20.10.2017, 10.57 Uhr

Horror-Clowns 2017: Erschrecken und Attackieren: Mit welchen Strafen müssen die Täter rechnen?

Ein als sogenannter Horror-Clown verkleideter Mann posiert in Berlin in einer Tiefgarage.

Ein als sogenannter Horror-Clown verkleideter Mann posiert in Berlin in einer Tiefgarage. Bild: Paul Zinken / dpa

Seitens der gruseligen Gesellen wird vermutlich vergessen, dass auf derlei Späße zum Teil saftige Strafen folgen können: "Rechtlich gesehen ist das Erschrecken von anderen Menschen erstmal nicht strafbar. Allerdings kann es sein, dass durch das Erschrecken schwere Konsequenzen folgen, etwa, dass die erschreckte Person einen Herzinfarkt bekommt. Und dann drohen hier im Zweifel sogar Haftstrafen", sagte der Kölner Rechtsanwalt Christian Solmecke dem MDR.
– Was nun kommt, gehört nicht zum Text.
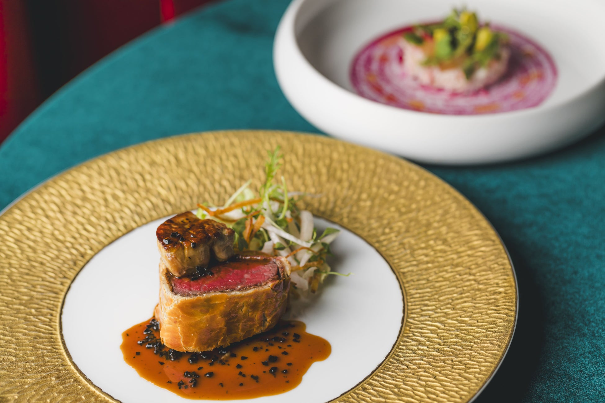 世界遺産の清水寺を臨むホテル最上階メインダイニング「グラン カフェ フォション」では、2024年12月1日~12月25日の期間中、クリスマス特別メニューをご提供いたします。ディナーメニュー「ノエルシェフ」では、前菜にズワイガニを使用しつつ、ピンクの彩り鮮やかなプレゼンテーションで魅せる胸躍る一品が登場。メインでは近江牛をパイ包みにして焼きあげ、フォアグラとトリュフという豪華食材を添えて、クリスマスの高揚を演出してくれる贅沢な一品へと仕上げました。

Eine Polizeisprecherin sagte dem MDR: "Wenn natürlich weitere Tatbestände dazu kommen, wie zum Beispiel Bedrohung, sodass der Bedrohte wirklich Angst um sein Leben oder um seine Gesundheit hat, dann ist der Straftatbestand der Bedrohung erfüllt. Oder wenn jemand verfolgt wird, dann könnte da auch schon ein Straftatbestand erfüllt sein."

Notwehr und Anzeige: Was tun im Falle eines Clown-Angriffs und was ist erlaubt?

Das bloße Erschrecken Anderer ist also mitunter alles andere als unkritisch: Laut MDR können Betroffene in der Folge mit Angstzuständen zu kämpfen haben, was vor Gericht als Körperverletzung gewertet werden kann. Doch mittlerweile ist es in einigen Fällen auch schon zu körperlichen Angriffen gekommen. In jedem Fall rät die Polizei den Opfern zur Anzeige, denn nur so gibt es eine Chance, dass die Täter ermittelt werden können.